Options for indefinite storage
Options to store data beyond the design life of current IT equipment range from the simple – good hardware management and ensuring redundancy – to cutting-edge science.
Among the more extreme options are using data etched by laser into glass, developed by Microsoft as Project Silica, and DNA-based storage. This, if it can scale, promises very high-capacity durable storage.
But in the near term, the emphasis is on improving the durability of storage media such as flash, and ensuring future applications can read data from current storage media.
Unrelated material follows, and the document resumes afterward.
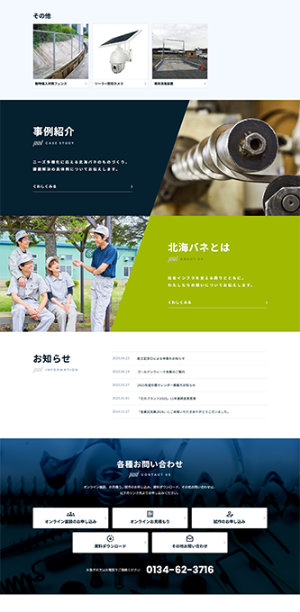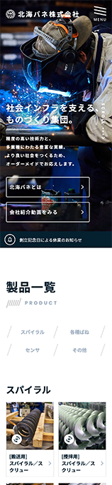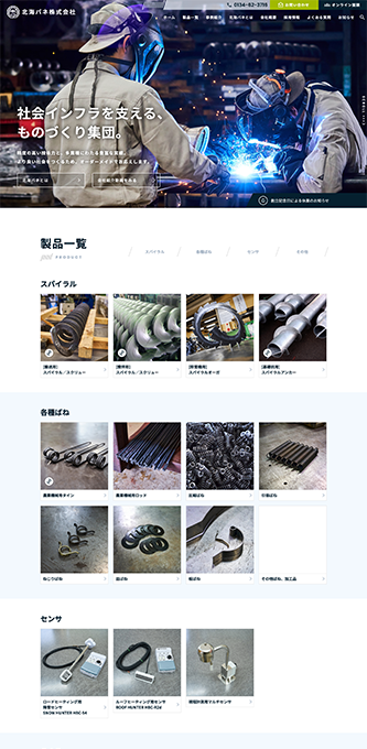 バネ製造の専門性や技術力を強調するため、落ち着いた色調と安定したレイアウトで、訪問者に信頼感を与えることを重視しました。

Even if IT teams can copy – and keep copying – data to newer media, this is of little use if the data cannot be read.
For this reason, the industry has developed common formats, such as PDF/A (which dates back to 2005) and self-declaratory data, such as the self-contained information retention format, or SIRF.
These data formats allow for software obsolescence. Chief information officers can exploit the fact that storing data for longer is becoming easier.
“If you look at data five, 10, 15, 40 or 100 years ahead, the platform is going be different, the hardware will be different, the software is going to be different,” says Freeform’s Lock. “That is even if you can physically see the bits and bytes.”